# Assignment:
All lines below between the line with "Bảo Trân tự" and the line with "In the heart", including both, must be copied exactly, and the pictures must be omitted.

Records from a dataset
►

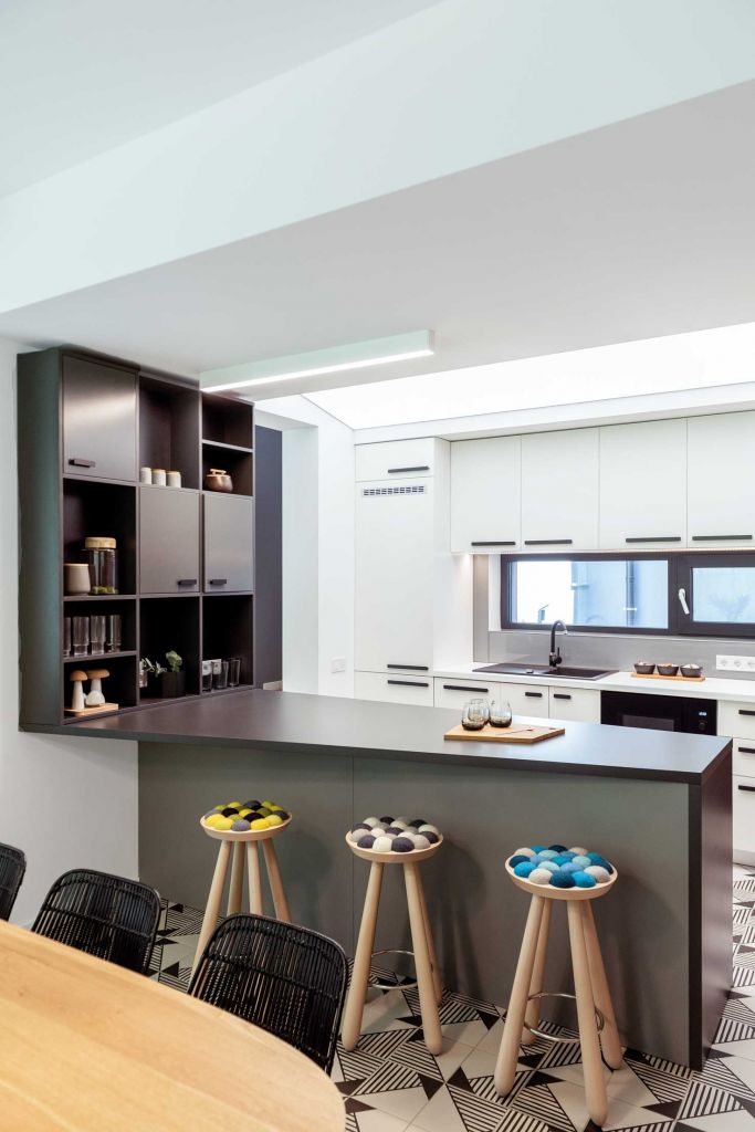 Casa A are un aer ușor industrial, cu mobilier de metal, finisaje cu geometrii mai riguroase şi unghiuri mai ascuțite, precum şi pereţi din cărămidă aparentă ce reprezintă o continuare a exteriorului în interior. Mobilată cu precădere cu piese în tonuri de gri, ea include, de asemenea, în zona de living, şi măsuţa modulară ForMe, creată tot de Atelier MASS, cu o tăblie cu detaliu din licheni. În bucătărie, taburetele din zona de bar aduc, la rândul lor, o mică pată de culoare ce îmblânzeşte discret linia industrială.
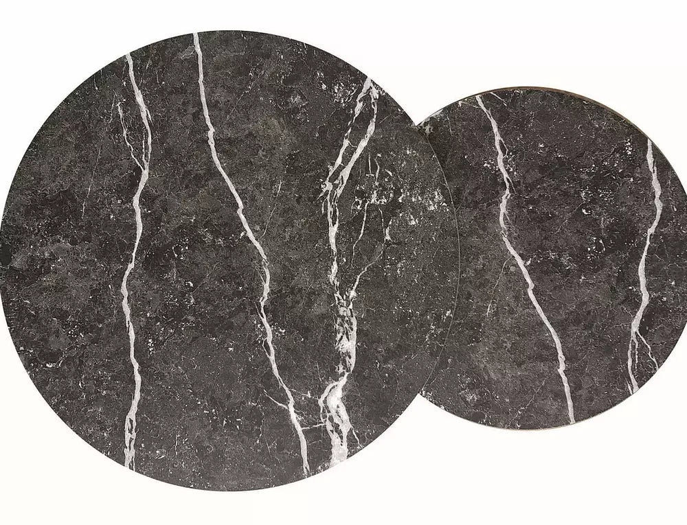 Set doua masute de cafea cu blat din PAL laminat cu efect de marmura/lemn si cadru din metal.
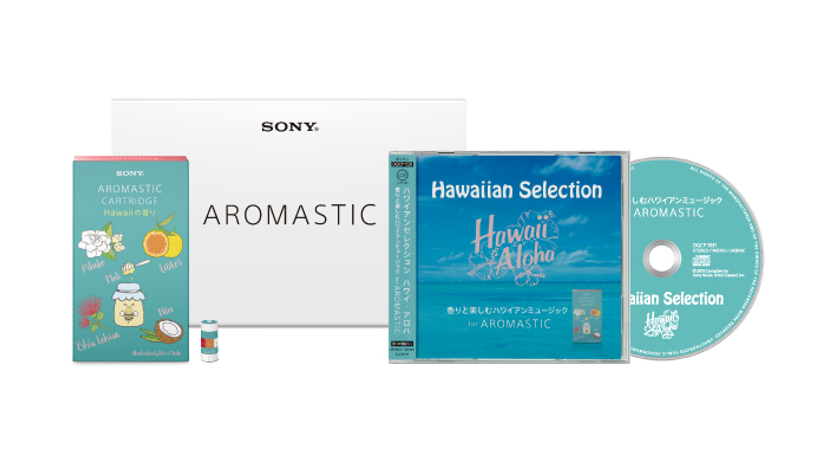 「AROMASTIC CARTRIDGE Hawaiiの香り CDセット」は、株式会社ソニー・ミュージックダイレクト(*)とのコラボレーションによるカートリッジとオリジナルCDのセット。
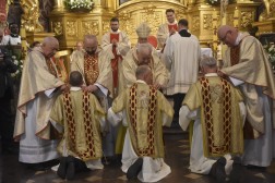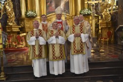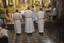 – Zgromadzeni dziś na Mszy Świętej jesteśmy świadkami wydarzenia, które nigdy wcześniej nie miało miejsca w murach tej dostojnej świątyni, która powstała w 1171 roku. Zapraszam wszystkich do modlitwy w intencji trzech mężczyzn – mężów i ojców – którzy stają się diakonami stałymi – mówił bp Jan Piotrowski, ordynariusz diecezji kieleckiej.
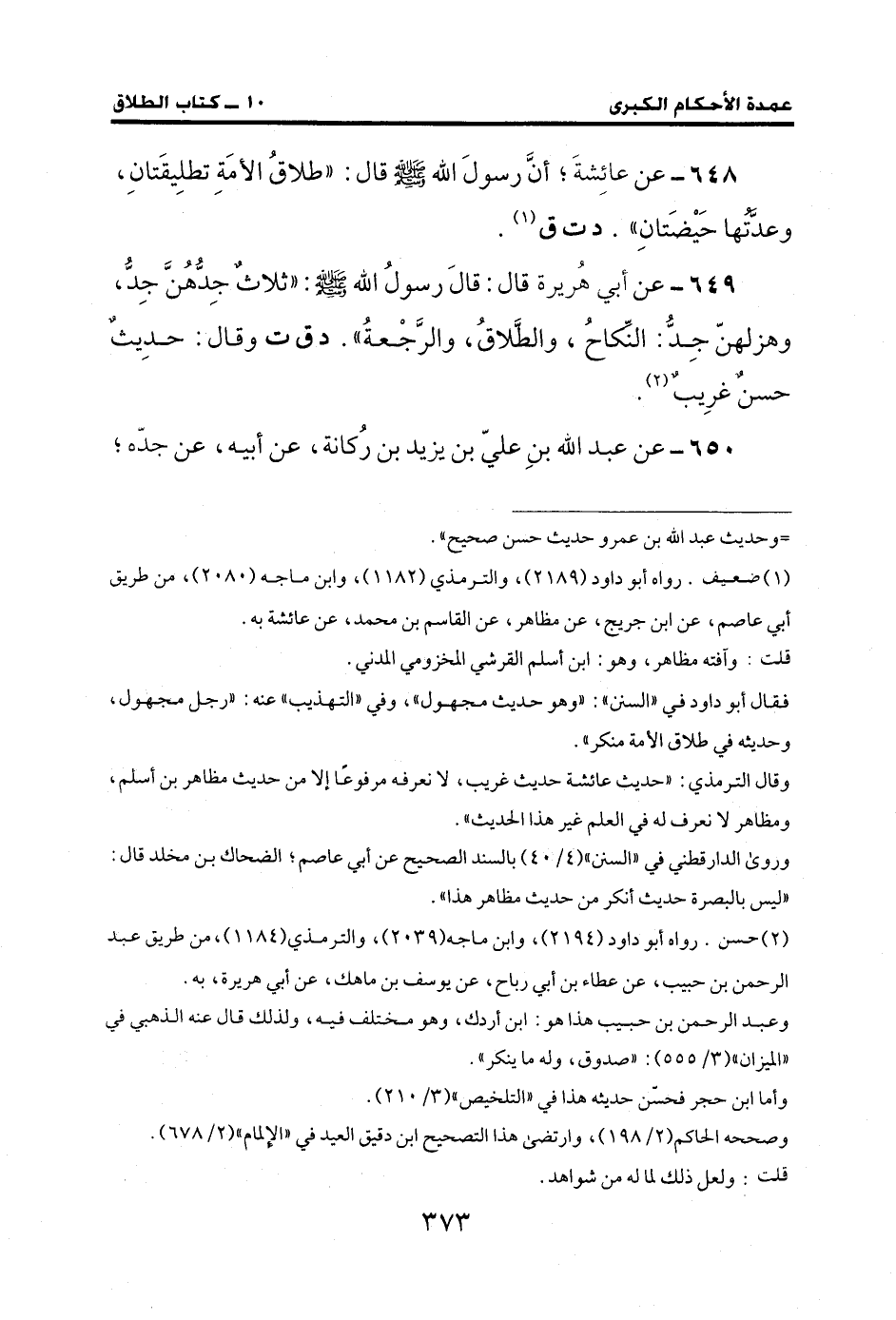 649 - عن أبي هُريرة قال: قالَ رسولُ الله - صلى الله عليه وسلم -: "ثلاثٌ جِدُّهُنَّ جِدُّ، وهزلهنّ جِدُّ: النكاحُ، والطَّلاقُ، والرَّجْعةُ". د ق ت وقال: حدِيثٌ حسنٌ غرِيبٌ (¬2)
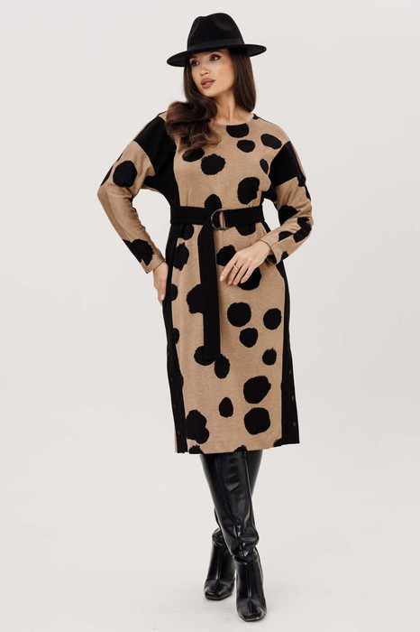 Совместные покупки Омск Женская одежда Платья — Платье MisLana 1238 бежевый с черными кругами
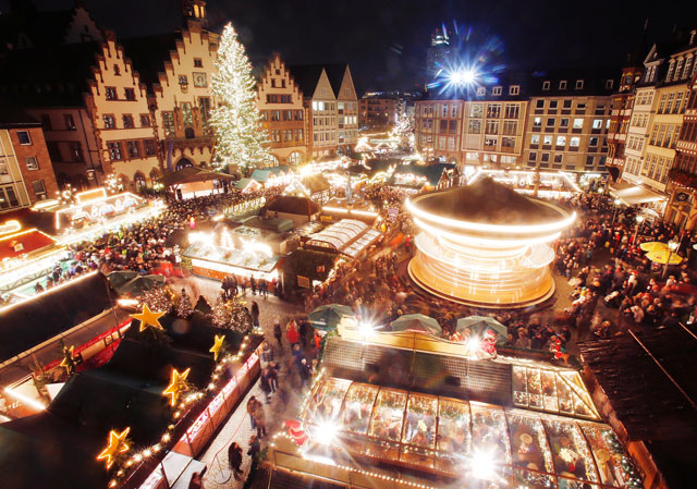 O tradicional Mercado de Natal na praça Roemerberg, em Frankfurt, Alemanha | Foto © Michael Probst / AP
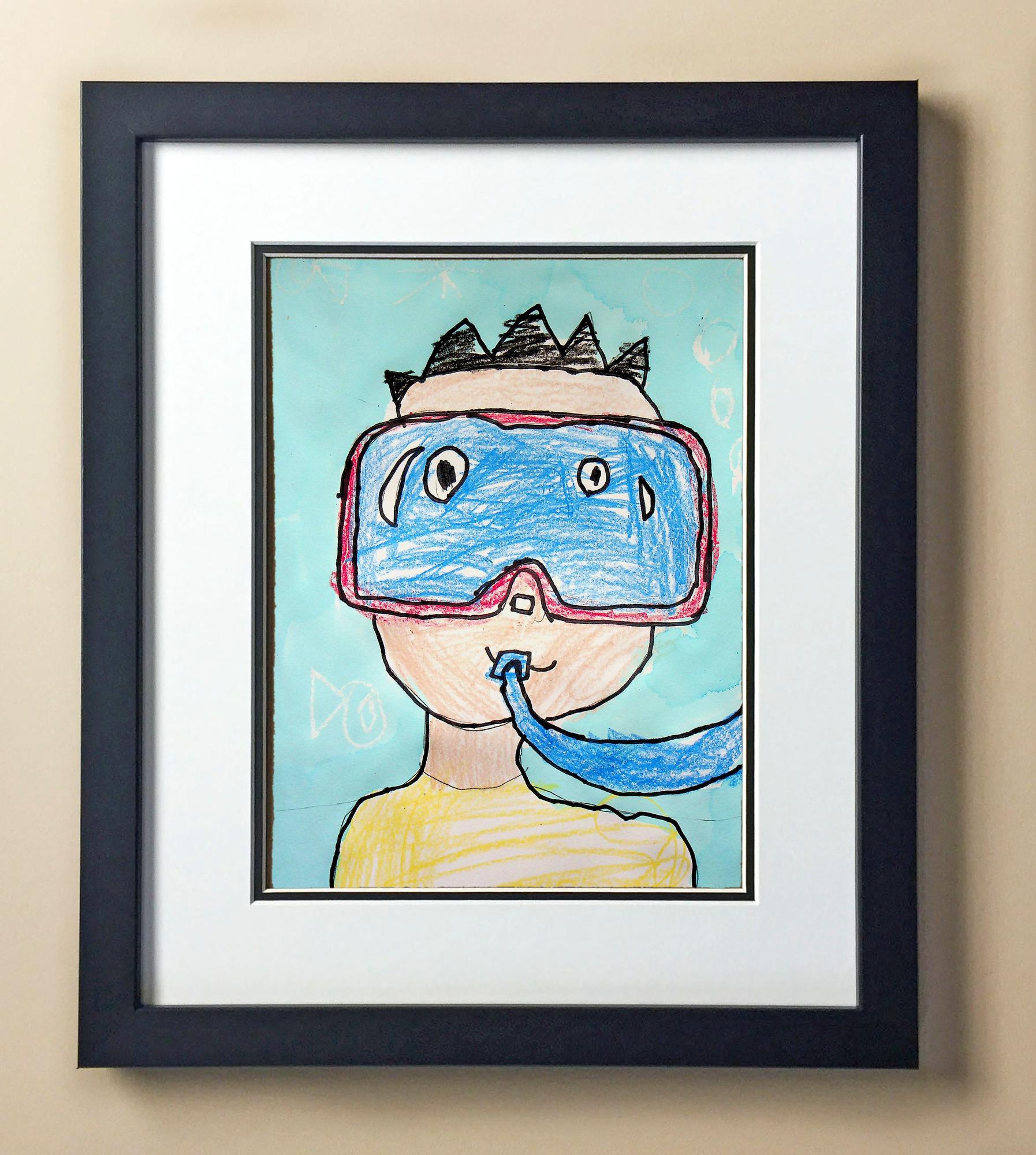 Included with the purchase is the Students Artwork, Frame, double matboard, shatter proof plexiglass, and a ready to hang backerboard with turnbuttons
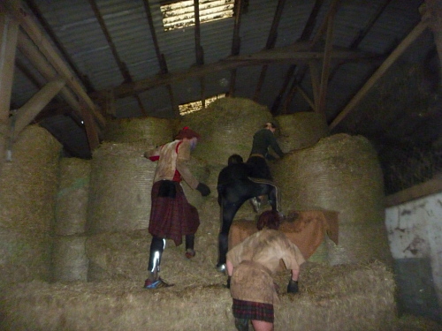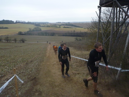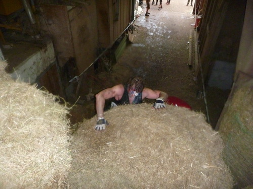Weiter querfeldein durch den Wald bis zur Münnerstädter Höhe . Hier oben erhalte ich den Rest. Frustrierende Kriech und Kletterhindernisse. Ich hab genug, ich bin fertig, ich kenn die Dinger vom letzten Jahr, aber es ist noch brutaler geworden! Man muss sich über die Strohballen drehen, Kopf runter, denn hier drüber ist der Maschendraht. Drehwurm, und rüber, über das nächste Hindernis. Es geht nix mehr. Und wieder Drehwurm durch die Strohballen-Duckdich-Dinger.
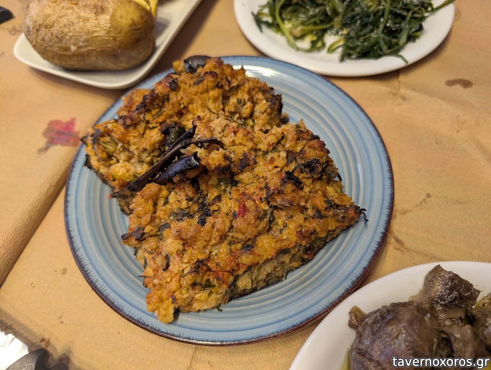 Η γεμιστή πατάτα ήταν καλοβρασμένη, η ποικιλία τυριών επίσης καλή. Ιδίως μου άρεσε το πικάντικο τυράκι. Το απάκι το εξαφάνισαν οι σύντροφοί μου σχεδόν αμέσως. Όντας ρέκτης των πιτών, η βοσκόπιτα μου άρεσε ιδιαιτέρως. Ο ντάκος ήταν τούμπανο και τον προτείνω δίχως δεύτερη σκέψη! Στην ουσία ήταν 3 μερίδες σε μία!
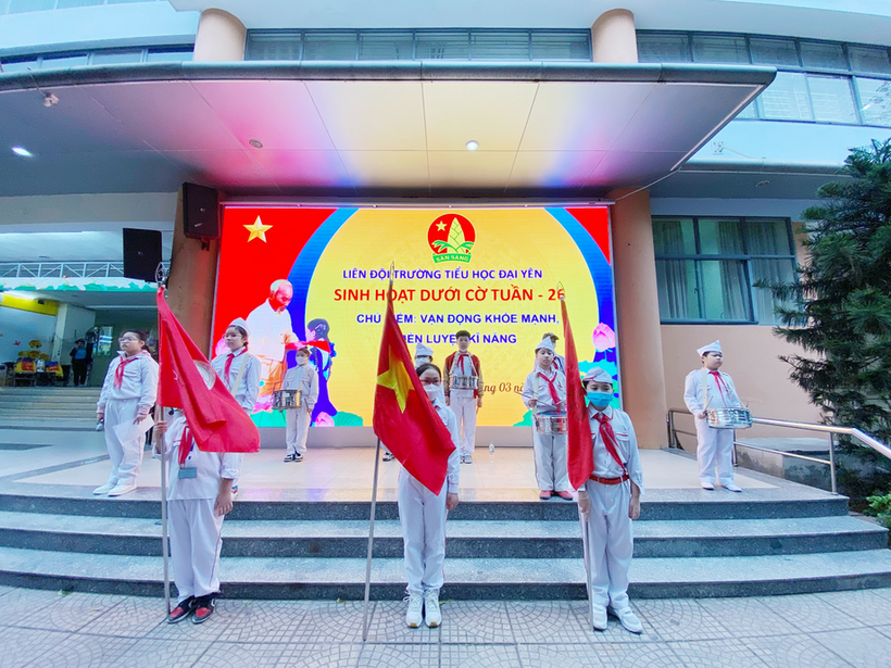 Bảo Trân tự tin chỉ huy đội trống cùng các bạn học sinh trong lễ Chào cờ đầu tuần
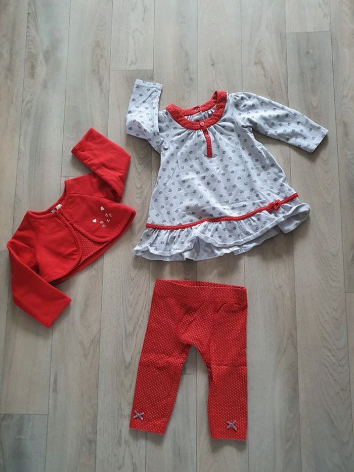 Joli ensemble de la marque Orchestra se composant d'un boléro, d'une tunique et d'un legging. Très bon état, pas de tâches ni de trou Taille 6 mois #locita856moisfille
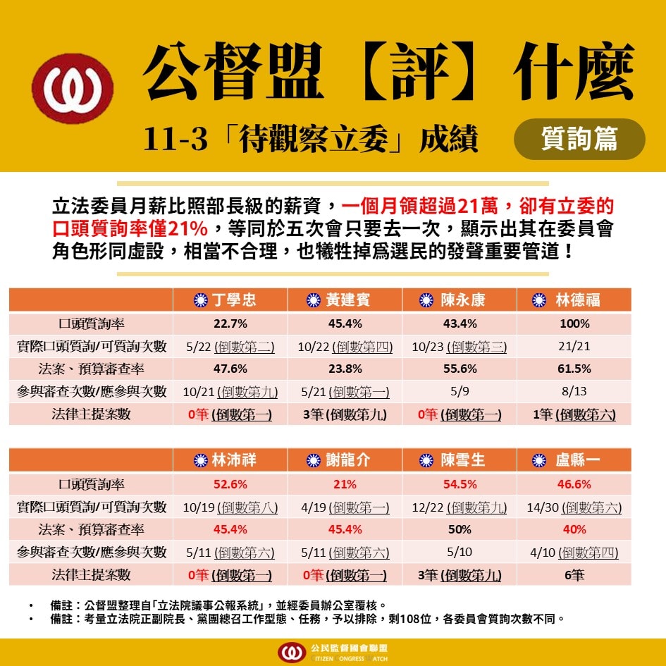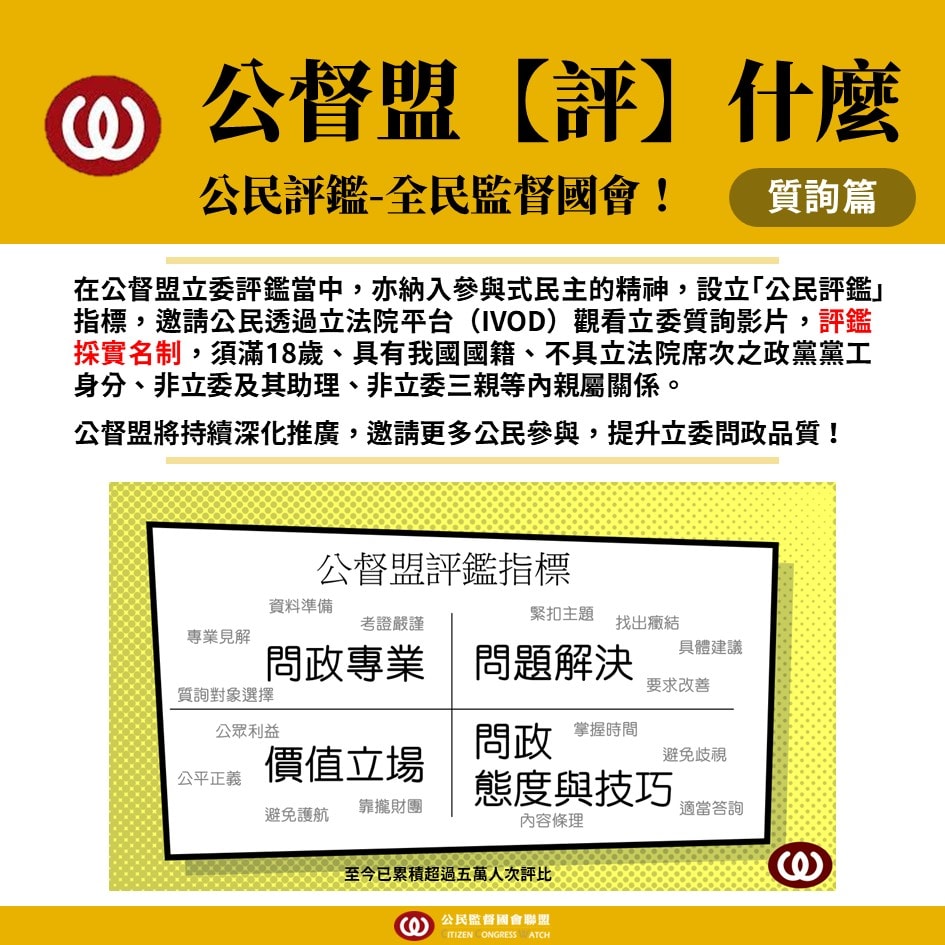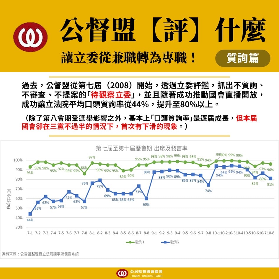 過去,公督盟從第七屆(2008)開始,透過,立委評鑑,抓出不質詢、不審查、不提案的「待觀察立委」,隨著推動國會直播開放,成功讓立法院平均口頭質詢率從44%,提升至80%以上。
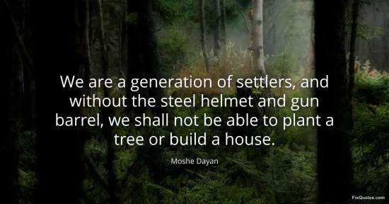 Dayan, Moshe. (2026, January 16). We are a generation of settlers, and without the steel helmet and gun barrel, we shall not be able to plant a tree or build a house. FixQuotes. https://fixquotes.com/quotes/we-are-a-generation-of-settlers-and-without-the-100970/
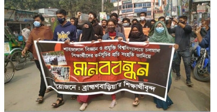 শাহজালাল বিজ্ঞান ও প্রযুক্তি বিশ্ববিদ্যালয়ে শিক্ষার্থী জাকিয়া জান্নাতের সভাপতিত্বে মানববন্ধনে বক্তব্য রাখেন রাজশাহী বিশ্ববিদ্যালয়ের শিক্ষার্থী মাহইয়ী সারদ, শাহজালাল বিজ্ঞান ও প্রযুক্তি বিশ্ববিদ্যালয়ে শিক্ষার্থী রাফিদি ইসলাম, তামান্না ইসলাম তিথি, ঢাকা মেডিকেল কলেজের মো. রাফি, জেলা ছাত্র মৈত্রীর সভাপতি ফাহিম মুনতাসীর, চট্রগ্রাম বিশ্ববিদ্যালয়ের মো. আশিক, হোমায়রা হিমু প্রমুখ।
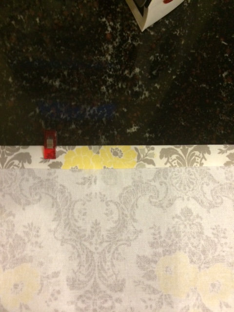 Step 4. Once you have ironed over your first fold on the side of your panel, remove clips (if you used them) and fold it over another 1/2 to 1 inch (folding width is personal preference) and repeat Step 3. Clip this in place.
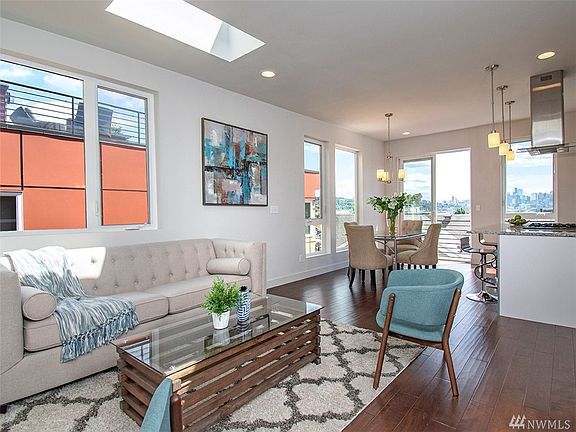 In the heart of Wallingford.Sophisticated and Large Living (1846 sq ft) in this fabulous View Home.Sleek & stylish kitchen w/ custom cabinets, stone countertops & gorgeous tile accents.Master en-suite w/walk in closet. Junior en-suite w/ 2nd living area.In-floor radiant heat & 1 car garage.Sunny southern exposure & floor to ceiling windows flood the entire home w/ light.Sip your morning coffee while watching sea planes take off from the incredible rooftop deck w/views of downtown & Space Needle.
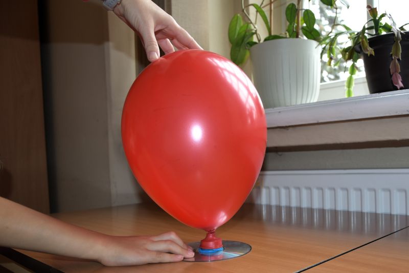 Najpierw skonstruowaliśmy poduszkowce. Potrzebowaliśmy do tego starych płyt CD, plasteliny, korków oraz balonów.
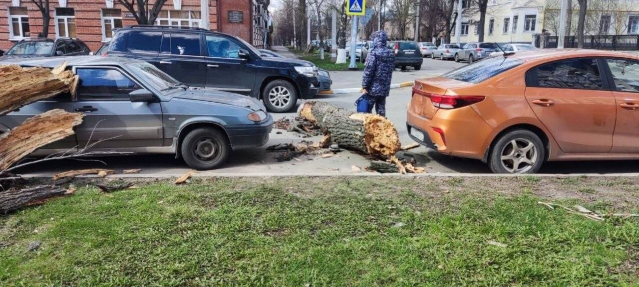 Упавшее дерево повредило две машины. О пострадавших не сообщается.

◄

# Output for this task:
 Bảo Trân tự tin chỉ huy đội trống cùng các bạn học sinh trong lễ Chào cờ đầu tuần
 Joli ensemble de la marque Orchestra se composant d'un boléro, d'une tunique et d'un legging. Très bon état, pas de tâches ni de trou Taille 6 mois #locita856moisfille
 過去,公督盟從第七屆(2008)開始,透過,立委評鑑,抓出不質詢、不審查、不提案的「待觀察立委」,隨著推動國會直播開放,成功讓立法院平均口頭質詢率從44%,提升至80%以上。
 Dayan, Moshe. (2026, January 16). We are a generation of settlers, and without the steel helmet and gun barrel, we shall not be able to plant a tree or build a house. FixQuotes. https://fixquotes.com/quotes/we-are-a-generation-of-settlers-and-without-the-100970/
 শাহজালাল বিজ্ঞান ও প্রযুক্তি বিশ্ববিদ্যালয়ে শিক্ষার্থী জাকিয়া জান্নাতের সভাপতিত্বে মানববন্ধনে বক্তব্য রাখেন রাজশাহী বিশ্ববিদ্যালয়ের শিক্ষার্থী মাহইয়ী সারদ, শাহজালাল বিজ্ঞান ও প্রযুক্তি বিশ্ববিদ্যালয়ে শিক্ষার্থী রাফিদি ইসলাম, তামান্না ইসলাম তিথি, ঢাকা মেডিকেল কলেজের মো. রাফি, জেলা ছাত্র মৈত্রীর সভাপতি ফাহিম মুনতাসীর, চট্রগ্রাম বিশ্ববিদ্যালয়ের মো. আশিক, হোমায়রা হিমু প্রমুখ।
 Step 4. Once you have ironed over your first fold on the side of your panel, remove clips (if you used them) and fold it over another 1/2 to 1 inch (folding width is personal preference) and repeat Step 3. Clip this in place.
 In the heart of Wallingford.Sophisticated and Large Living (1846 sq ft) in this fabulous View Home.Sleek & stylish kitchen w/ custom cabinets, stone countertops & gorgeous tile accents.Master en-suite w/walk in closet. Junior en-suite w/ 2nd living area.In-floor radiant heat & 1 car garage.Sunny southern exposure & floor to ceiling windows flood the entire home w/ light.Sip your morning coffee while watching sea planes take off from the incredible rooftop deck w/views of downtown & Space Needle.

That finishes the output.